Alert rule: TopoLVMVolumeGroupNearFull
Please consider opening a PR to improve this runbook if you gain new information about causes of the alert, or how to debug or resolve the alert. Click "Edit this Page" in the top right corner to create a PR directly on GitHub. |
Overview
This alert fires when the utilization of a TopoLVM volume group is higher than 95% of its capacity. To resolve this alert, unused pv should be deleted or the volume group size must be increased.

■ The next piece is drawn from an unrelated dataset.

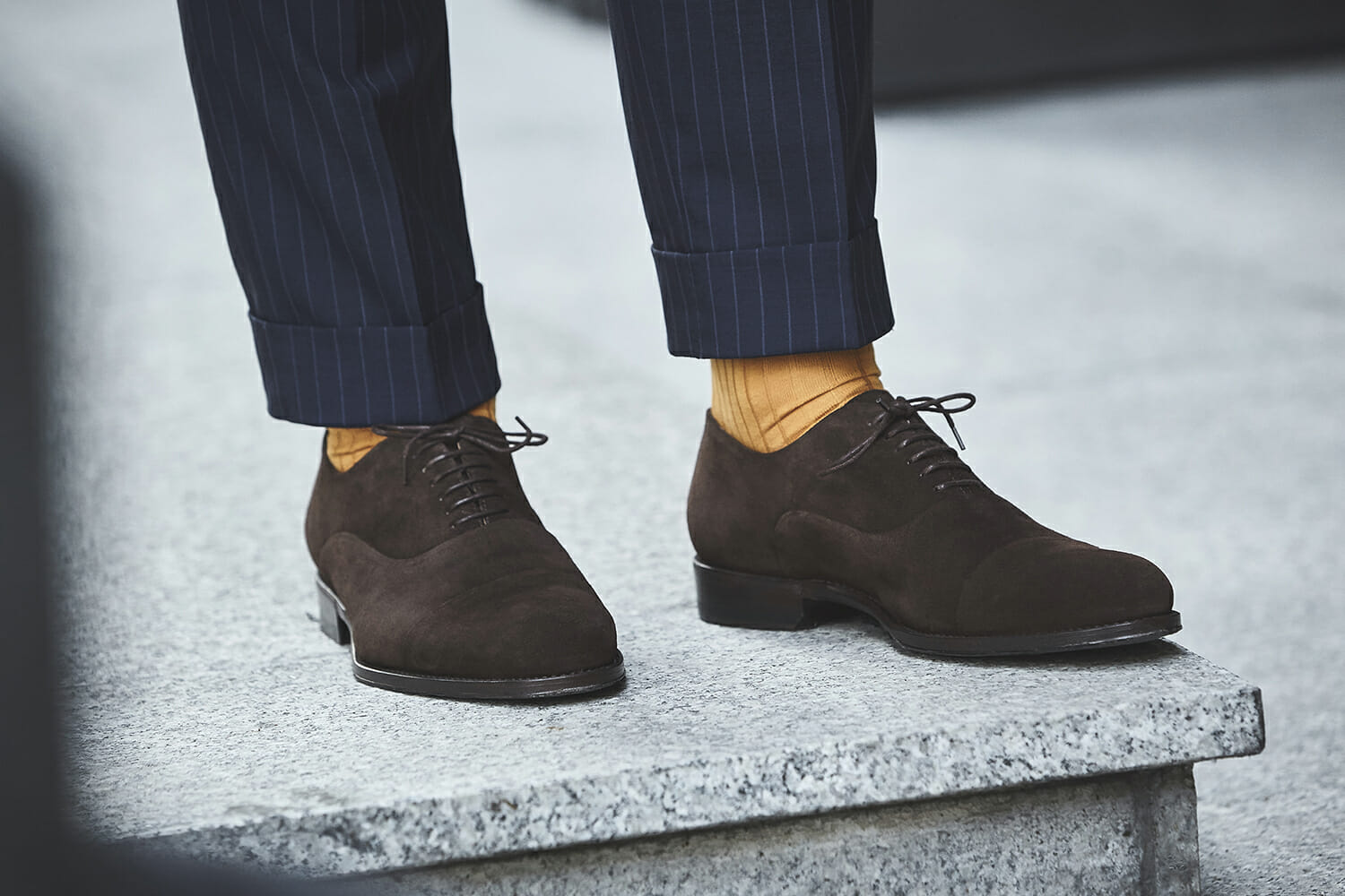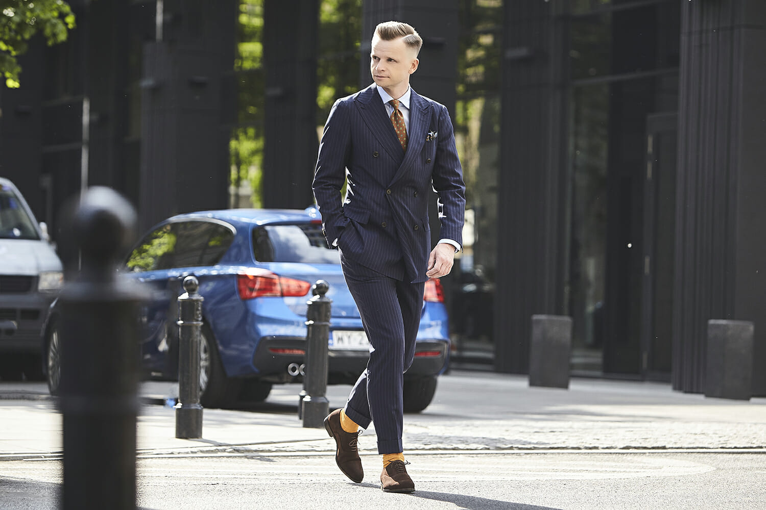 Formalność zestawu obniża jego dolna część. Brązowe buty zamszowe są mniej oficjalne niż czarne ze skóry licowej. Pomarańczowe, przyciągające uwagę skarpetki to element mający zaskakiwać. Power suit wygląda dość poważnie, więc warto się trochę pobawić z konwencją.
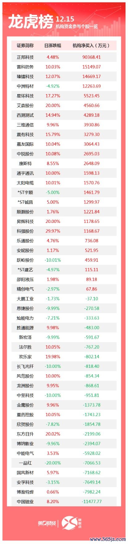 盘后数据显示,12月15日龙虎榜中,共47只个股出现了机构的身影,有25只股票呈现机构净买入,22只股票呈现机构净卖出。

Otherwise, investigate if this node has logical volumes not associated with a persistent volume.
Steps for debugging
Check for lingering volumes
Check if there are logicalvolumes
that aren’t associated with a persistentvolume
.
$ diff -y <(k get logicalvolumes -o jsonpath='{range .items[*]}{.metadata.name}{"\n"}') <(k get pv -o jsonpath='{range .items[*]}{.metadata.name}{"\n"}')
> local-pv-14024b59 (1)
> local-pv-23eec265 (1)
> local-pv-9ae3e5a (1)
pvc-379faad7-edf7-4cbd-81e0-08d0f2207c36 pvc-379faad7-edf7-4cbd-81e0-08d0f2207c36
pvc-3a4e6c1b-b2c3-4cbe-a2a9-e6418ad8bcef pvc-3a4e6c1b-b2c3-4cbe-a2a9-e6418ad8bcef
pvc-3fc91fd8-aeff-4adb-8135-327302dbc777 pvc-3fc91fd8-aeff-4adb-8135-327302dbc777
> pvc-05089699-18eb-4959-83ee-f35bd9f2d7e2 (2)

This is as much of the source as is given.